Fifteen datasets will be analyzed (Table 1). The primary dataset for this study was collected from a 34-m tower in Fluxes over Snow Surfaces II (FLOSSII), instrumented from 20 November 2002 to 2 April 2003. The tower site is located over a local flat grass surface within the North Park basin of northern Colorado. The grass is often covered by a thin snow layer during the experiment period. This study is based on fast-response data collected at 1, 2, 5, 10, 15, 20, and 30 m with Campbell Scientific Instruments, Inc., 3D sonic anemometers (CSAT3). We will emphasize the FLOSSII data because they include vertical structure for a multimonth period and are intermediate between sites that are relatively homogenous over large areas and sites in complex terrain. We will primarily analyze 1-min-averaged data, which filters out the turbulence for almost all of the nocturnal records. Larger averaging times up to 16 min will also be used.
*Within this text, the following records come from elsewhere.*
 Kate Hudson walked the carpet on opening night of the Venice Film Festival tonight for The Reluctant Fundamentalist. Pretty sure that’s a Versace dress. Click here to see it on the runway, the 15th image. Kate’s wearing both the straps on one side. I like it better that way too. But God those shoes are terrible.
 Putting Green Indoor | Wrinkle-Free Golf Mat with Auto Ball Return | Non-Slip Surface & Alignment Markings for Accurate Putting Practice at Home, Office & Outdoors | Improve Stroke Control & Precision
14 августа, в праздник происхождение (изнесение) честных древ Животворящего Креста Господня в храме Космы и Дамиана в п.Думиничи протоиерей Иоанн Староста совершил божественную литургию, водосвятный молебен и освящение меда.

Details for the 14 other sites can be found in the citations listed in the last column of Table 1. The vegetation for the burn site consists of scattered burned ponderosa pine trunks and emerging vegetation less than 1 m high. The Phoenix Air Flow Experiment II (PAFEXII) was conducted at the Falcon Regional Airport, Phoenix, Arizona, in the summer of 1998. The surface consists of very sparse matted dead grass with an effective height of less than 5 cm. Much of the surface area is sand.

3. Wind-direction change

The usual computation of the standard deviation of the wind direction must contend with discontinuities in the time series at 0°–360°. That is, with northerly flow, small changes of wind direction can lead to nearly 360° changes of wind direction. These discontinuity crossings in the time series of wind direction become common with weak winds. Such problems are extensively discussed in Farrugia et al. (2009) along with approximate solutions. The current study focuses on wind direction changes between subsequent time intervals, which do not encounter such difficulties. Computed wind direction changes are reduced by 360° if they exceed 180°, or are increased by 360° if they are more negative than −180°, such that they lie within the range of −180°–+180°. Approximate reversals of wind direction would correspond to changes close to −180° or close to +180°. In such cases, the magnitude of the wind direction change is more significant than the sign of the wind direction change.
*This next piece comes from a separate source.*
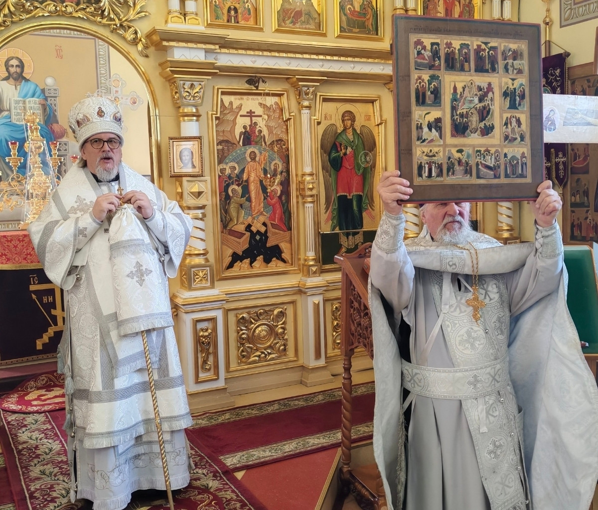 По окончании богослужения, Глава Забайкальской митрополии обратился ко всем молящимся с архипастырским словом назидания и подарил приходу на молитвенную память икону Воскресения Христова.
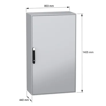 Spacial SM is a steel compact floor-standing enclosure for multi-purpose applications It is designed for use in harsh environments, it can withstand high impact due its IK10 (IEC62262) and it has a high resistance to dust and water with an IP55 rating (IEC60529) This enclosure has a nominal height, width and depth of 1400mm, 800mm and 400mm respectively The enclosure is made in grey color (RAL7035) with an epoxy-polyester powder surface finish and the handle is made in black color (RAL9005) The enclosure consists of a body, one cable gland plate, four mounting plate brackets, one plain door and a locking system with handle on the door The door can be opened up to 120°, allowing easy access to the equipment inside The enclosure has a four-point lock with a handle with 5mm double-bar insert

The following procedure is used for estimation of wind direction changes in this study. Wind direction (Wdir) is computed from wind components averaged over periods of τF = 1-, 2-, 4-, 8-, or 16-min periods. The wind direction change, δt(Wdir), is computed as the difference of wind direction between adjacent averaging periods, that is, the difference over a window of width 2τF. This window is sequentially advanced by 1 min between evaluations. The window overlap increases with increasing τF, but provides the same number of samples for each window width and reduces significant sampling problems at large window widths. Although greater overlapping better captures the maximum wind direction shift, this dependence of overlap on τF does not affect the conclusions of this study. For example, implementing nonoverlapping windows for all values of τF led to significantly larger scatter in the wind direction statistics, but did not reveal any systematic differences from the current approach of sequentially advancing the window by 1 min for all values of τF.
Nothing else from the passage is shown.